I'm sorry to say it, but...A German Requiem.


----------



## Highwayman (Jul 16, 2018)

I think all of the options are justly rated except the String Quartets, those are very underrated... The only answer I may give to this question is Hungarian Dances.


----------



## BrahmsWasAGreatMelodist (Jan 13, 2019)

consuono said:


> I'm sorry to say it, but...A German Requiem.


This has been a tough nut for me to crack over the past couple of months... but a tasty nut nonetheless.


----------



## BrahmsWasAGreatMelodist (Jan 13, 2019)

As for the OP, I genuinely cannot think of a single overrated work (nevermind body of works!) by Brahms. So I can't answer the poll, not even with "other". Like others mentioned, if forced to pick, I'd choose the Hungarian Rhapsodies, but they're quite nice and not really all that famous excepting 1 and 5.


----------



## pjang23 (Oct 8, 2009)

Easily the Hungarian Dances and the Wiegenlied, which are in a similar situation as Bolero. 

After that probably the overtures and double concerto which are overrated due to being orchestral works.


----------



## Skakner (Oct 8, 2020)

A Brahms aficionado couldn't pick a work from the list. Hungarian Dances could be a choice but, in any case, this work isn't a top priority for a hardcore fan. It suits better to an entry level classical music listener.


----------



## ORigel (May 7, 2020)

pjang23 said:


> Easily the Hungarian Dances and the Wiegenlied, which are in a similar situation as Bolero.
> 
> After that probably the overtures and double concerto which are overrated due to being orchestral works.


The tragic overture is my favorite stand-alone overture.


----------



## pjang23 (Oct 8, 2009)

ORigel said:


> The tragic overture is my favorite stand-alone overture.


It probably is for me too, though I still think his orchestral works do get a disproportionate amount of attention relative to even his best works in other genres.


----------



## caracalla (Feb 19, 2020)

Who 'overrates' the Hungarian Dances?


----------



## consuono (Mar 27, 2020)

BrahmsWasAGreatMelodist said:


> This has been a tough nut for me to crack over the past couple of months... but a tasty nut nonetheless.
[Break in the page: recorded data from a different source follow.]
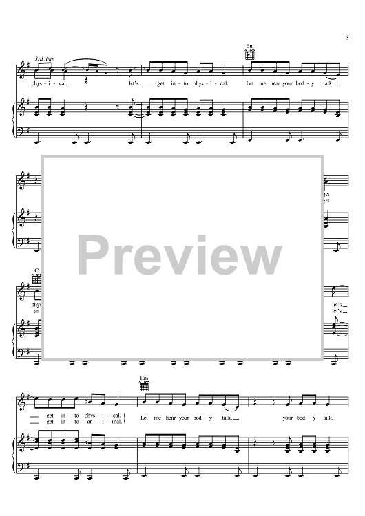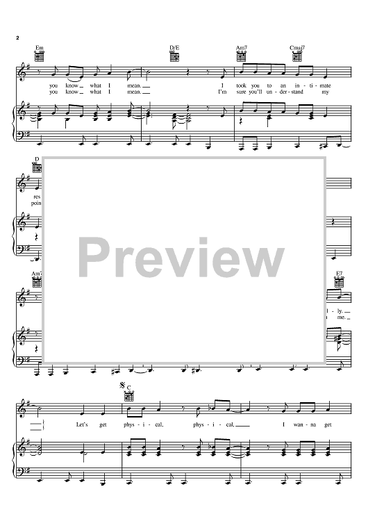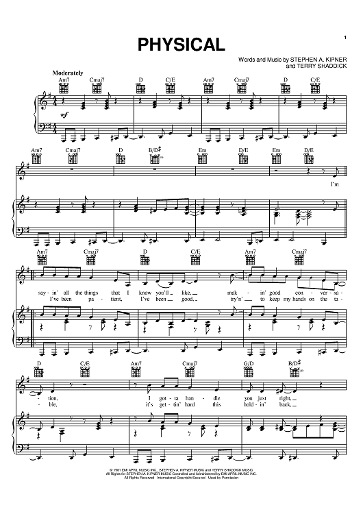Digital Sheet Music for Physical by Olivia Newton-John, Steve Kipner, Terry Shaddick scored for Piano/Vocal/Chords; id:394954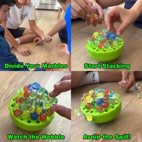 WobbleBall é um jogo emocionante de equilíbrio de mármore, perfeito para crianças, adolescentes e famílias. Os jogadores se revezam colocando bolinhas de gude em uma base inclinada que balança a cada movimento. O objetivo? Seja o primeiro a se livrar de todas as suas bolinhas de gude sem causar derramamento! Fácil de aprender, divertido de jogar e infinitamente emocionante. Perfeito para noites de jogos, festas e desafios rápidos. - Inclui 50 bolinhas de gude de gude – Jogo de equilíbrio emocionante de mármore – Pronto para um bom momento oscilante? Inclui 50 bolinhas de gude de vidro! Os jogadores se revezam colocando-os cuidadosamente em uma base inclinada. Um movimento errado e as bolinhas de gude caem! Diversão para crianças, adolescentes e noites de jogos em família. - Desafie sua precisão e habilidade – Fácil de aprender, divertido de jogar e infinitamente emocionante. O WobbleBall testa sua precisão e nervo enquanto você equilibra cuidadosamente as bolinhas de gude, melhorando a coordenação olho-mão a cada giro. Ideal para festas de aniversário, feriados e noites de jogos em família. - Presente perfeito de aniversário ou festa – WobbleBall é um presente exclusivo e envolvente que traz emoção para aniversários, feriados e festas. Um jogo essencial que irá encantar crianças, adolescentes e adultos. - Diversão versátil para 1 a 4 jogadores: jogue sozinho, frente a frente ou em grupo. O WobbleBall é perfeito para jogos em família, festas e desafios rápidos com amigos. Diversão infinita, não importa quantos estejam jogando! - Configuração fácil, reprodução instantânea – Rápido de configurar e fácil de aprender, o WobbleBall oferece entretenimento instantâneo. O objetivo? Seja o primeiro a se livrar de todas as suas bolinhas de gude sem causar derramamento!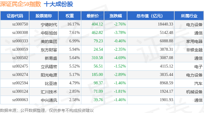 证券之星消息,11月14日,深证民企50(970057)指数报收于3314.3点,跌2.37%,成交1140.88亿元,换手率1.44%。当日该指数成份股中,上涨的有4家,杰瑞股份以8.21%的涨幅领涨,下跌的有46家,亿纬锂能以5.46%的跌幅领跌。

The first and last movements are fine. The ones between them though just seem bland to me. The choral writing overall seems colorless.


----------



## Merl (Jul 28, 2016)

I find the German Requiem unbearably boring. Just saying


----------



## Agamenon (Apr 22, 2019)

String Quartets. This field is for Beethoven, Schubert, Bartok, Shostakovich, etc.


----------



## Allegro Con Brio (Jan 3, 2020)

My answer is the Double Concerto, which, along with the string quartets, is the only work of his that I can genuinely say I dislike.


----------



## Isaac Blackburn (Feb 26, 2020)

Like some other posters have said, I struggle to think of a single work by Brahms that is overrated.


----------



## Brahmsian Colors (Sep 16, 2016)

Piano Quintet, opus 34


----------



## SONNET CLV (May 31, 2014)

*What is Brahms' most overrated work?*

The Lullaby. It puts me to sleep.


----------



## elgar's ghost (Aug 8, 2010)

I find the string quartets somewhat underwhelming, but only in relation to the consistency of Brahms' chamber music when taken as a whole. Then again, can the SQs really be overrated when they are seldom lauded to the skies anyway?


----------



## MarkW (Feb 16, 2015)

Well, the Tragic Overture is the thing I never seem to put on voluntarily. Not to say it's overrated. I just don't iike it.


----------



## tdc (Jan 17, 2011)

For me it is his concertos, I do think they are very good works, but _slightly_ over rated. For some reason I just don't think Brahms compositional personality is quite the right match for the concerto. It is more of an extroverted form, traditionally based around more overt displays of virtuosity, these aspects of music are things that Brahms seemed to willingly avoid for the most part, and to me his style just doesn't seem quite right for it, even though the works are impressive.


----------



## senza sordino (Oct 20, 2013)

I've never appreciated the symphonies as much as the chamber music and concerti. I haven't voted. It's not that I dislike the symphonies or find them overrated, I just don't get on with the symphonies as much as the other music.


----------



## jegreenwood (Dec 25, 2015)

The string quartets receive considerable criticism. I agree; they are my least favorite chamber works by Brahms (although I like them). On the other hand, the sextets receive much praise, more than I think they deserve, especially Op. 18.


----------



## chu42 (Aug 14, 2018)

tdc said:


> For me it is his concertos, I do think they are very good works, but _slightly_ over rated. For some reason I just don't think Brahms compositional personality is quite the right match for the concerto. It is more of an extroverted form, traditionally based around more overt displays of virtuosity, these aspects of music are things that Brahms seemed to willingly avoid for the most part, and to me his style just doesn't seem quite right for it, even though the works are impressive.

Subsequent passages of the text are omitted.